Contextual districts are designed to maintain the scale and form of the city’s traditional moderate- and higher-density neighborhoods. These districts, which have an A, B, D or X letter suffix (R6A, R6B, R7A, R7B, R7D, R7X, R8A, R8B, R8X, R9A, R9D, R9X, R10A and R10X) are mapped where buildings of similar size and shape form a strong neighborhood context, or where redevelopment would create a uniform context. The bulk regulations for these districts are known as Quality Housing regulations.
Created in the 1980’s to promote high-quality housing harmonious with its neighbors, the Quality Housing Program was a response to concerns that height factor buildings were often out-of-scale with the surrounding neighborhood. The program assigns a single floor area ratio to each district, and includes bulk regulations that typically produce buildings that are shorter and have higher lot coverage than height factor buildings. Height limits, rules for the placement of the street wall of a building in relation to neighboring buildings, and rules governing the minimum and maximum height of a street wall are among the contextual regulations that promote the development of buildings that are compatible with their surroundings. Ground level setbacks in front of a building must be planted and parking spaces must be located in an underground garage or behind or to the side of a building – never in front of the building. Because less open space is available for parking, slightly less parking is required than for height factor developments.

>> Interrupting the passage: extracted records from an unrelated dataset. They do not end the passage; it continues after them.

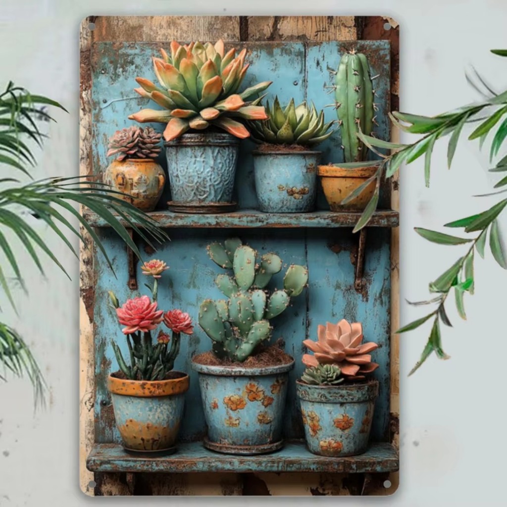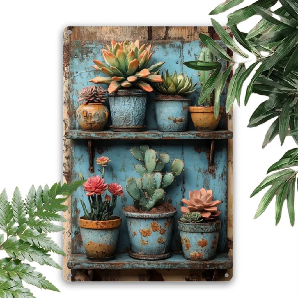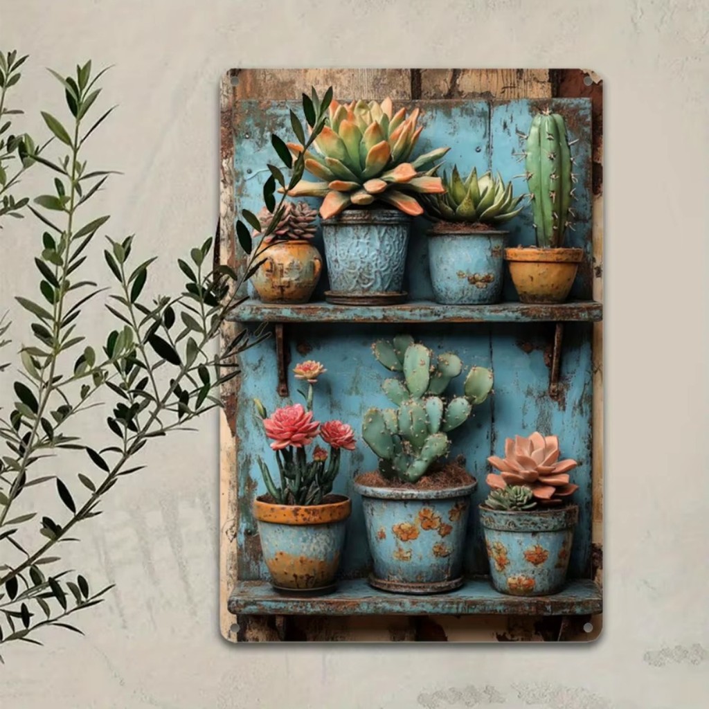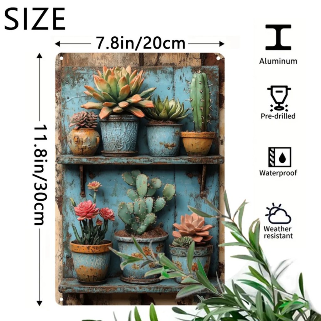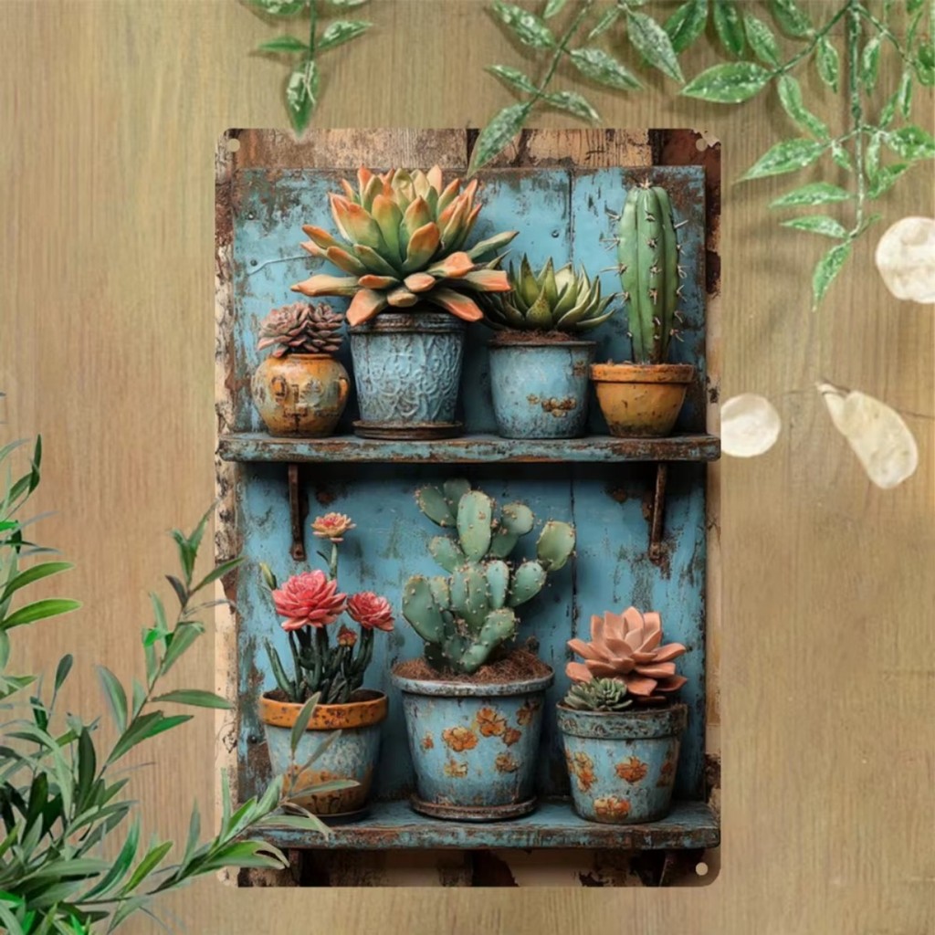 Charming 7.8×11.8″ Vintage ป้ายโลหะ Rustic Blue ชั้นวาง Potted Succulents กระบองเพชรสําหรับ Home Bar Cafe ในร่ม/กลางแจ้ง Decor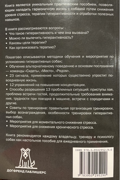 Книга является уникальным практическим пособием, позволяющим наладить гармоничную жизнь с собакой путем снижения уровня стресса, терапии гиперактивности и отработки полезных навыков. В книге рассматриваются вопросы: Что такое гиперактивность и чем она вызвана? Можно ли вылечить гиперактивность? Каковы цели терапии? Как организовать терапию? Пошагово описываются методики обучения и мероприятия по успокоению гиперактивных собак: Обучение альтернативному поведению и основам послушания - команды "Сидеть", "Место", "Рядом". 23 сигнала, применение которых существенно упростит повседневную жизнь. 12 упражнений на повышение концентрации. Способы разрешения 13 проблемных ситуаций: приступы лая, проблема встречи гостей, продолжительные требования внимания, трудности при поездке в машине, встречи с сородичами и другие. Советы по тренировке: правильная организация тренировки, выбор вознаграждения, особенности тренировки гиперактивных собак. Мероприятия для моментального снижения стресса. Мероприятия для снижения хронического стресса. Книга рекомендуется каждому владельцу, тренеру и психологу собак как настольное пособие для ежедневного применения.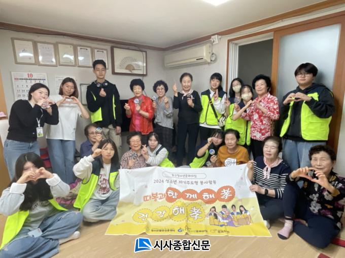 ¡®ÇÔ²²ÇØüø, °Ç°ÇØüø¡¯ Ȱµ¿Àº Âü¿© û¼Ò³âµéÀÌ Á÷Á¢ Ȱµ¿À» ±âȹÇϰí ÁøÇàÇÏ´Â ÇÁ·Î±×·¥À¸·Î Áö¿ª ¾î¸£½Å°ú û¼Ò³âÀÌ »çȸÀû À¯´ë°¨À» Çü¼ºÇϰí ÇÔ²² È¿¸¦ ½ÇõÇϸç Ä£ÈÀû °ü°è¸¦ ¸Î´Â °ÍÀ» ¸ñÀûÀ¸·Î ÇÏ¿© Áö³ 4¿ùºÎÅÍ ¿î¿µÈ¸ÀÇ ¹× »çÀü ¿¬½ÀÀ» °ÅÃÄ Áö¿ª ¾î¸£½Å 90¿© ¸í°ú ±³·ùÇÏ¸ç µû¶æÇÑ Ãß¾ïÀ» ½×¾Æ°¡°í ÀÖ´Ù.

The Quality Housing Program also establishes a set of rules that includes minimum apartment sizes, recreation space requirements and incentives for developers to provide amenities such as laundry rooms and daylight in corridors. All of the Quality Housing Program rules and regulations are mandatory in contextual R6 through R10 districts. Since the 1980’s, hundreds of areas throughout the city have been rezoned as contextual districts.

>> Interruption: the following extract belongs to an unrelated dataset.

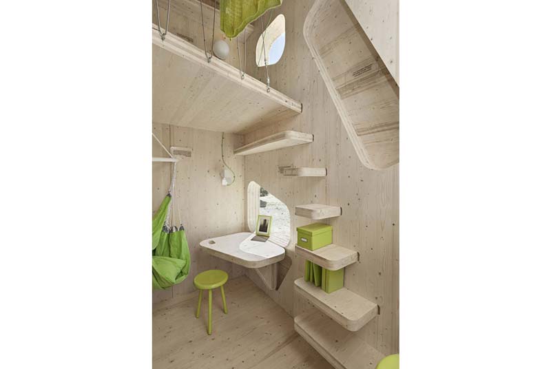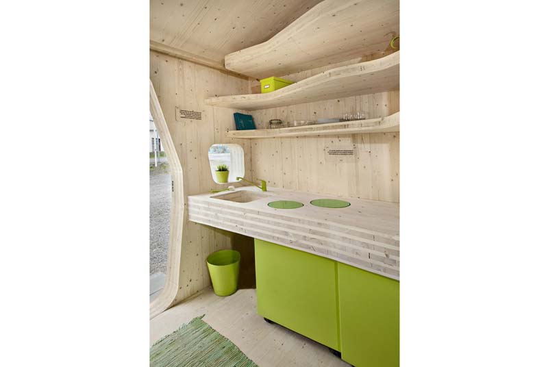 Mọi thứ trong nhà là vật liệu tự nhiên, thân thiện với môi trường theo đúng nghĩa, nhất là ở khía cạnh không lấn át cảnh quan. Màu sắc tươi sáng, nhìn như những cái nấm con hay nhà của các thần lùn!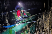 «Ввечері 9 березня в команду спасіння тварин звернулась жителька села Новаки, що біля Коростеня, і повідомила, що на ставку знаходиться лебідь з травмованим крилом. Зазвичай у таких випадках, коли лебедю не загрожує термінова небезпека, екіпаж формується завчасно і приїжджає вдень, щоб виконати роботи завидна. Але виявилось, що лебедю загрожували браконьєри. За словами заявниці, вони чекали неподалік, доки всі підуть, щоб добути його. Жителі змогли прогнати браконьєрів, проте ті могли повернутися вночі, тому рятувати лебедя потрібно було терміново. Нічна дорога до села була досить складною через густий туман. Озеро досить велике, сильно заросло очеретом. Поранений лебідь добре ховався, а в туманіЮ який погона пробивав навіть промінь потужного прожектора, пошуки велись практично всліпу. Лише після трьох годин пошуків в очереті лебедя вдалось знайти та впіймати. Майже о 4 ранку 10 березня лебідь був доправлений в Садибу Нюшаниково. Допомога птахам. У нього серйозна травма крила, скоріш за все, потребуватиме оперативного втручання», - повідомили рятувальники тварин.

In non-contextual R6 through R10 districts, developers may choose the optional Quality Housing Program instead of height factor or tower regulations. For example, on a wide street in an R6 district outside of Manhattan, a developer may choose to build under the optional R6 bulk regulations (which are the same as those for a contextual R6A district). In general, the regulations allow moderately larger but lower buildings set at or near the street line, with more apartments than might be achievable under non-contextual regulations, as a way of encouraging the mid-rise apartment buildings that reflect the traditional scale of many neighborhoods. Although higher lot coverage and, often, greater FAR can be achieved in exchange for height limits, sometimes height factor regulations may be preferable because the surrounding blocks do not have a consistent character or because the views attainable by a taller building outweigh the advantages of greater bulk. Developers must determine which of the two sets of regulations is more appropriate for any given site but cannot mix and match the two on the same zoning lot. The taller heights permitted for height factor buildings, for example, cannot be combined with the higher lot coverage permitted for Quality Housing buildings.
R7-3 and R9-1 districts, where special bulk, height and setback provisions apply, may be mapped only within waterfront areas and certain special purpose districts. R7-3 is mapped within the Special Hunters Point District and along the Williamsburg waterfront.
R10H, a district allowing transient hotels by special permit in addition to residential and community facility uses, is mapped only along Central Park South, and Fifth Avenue between East 59th and East 61st Streets in Manhattan.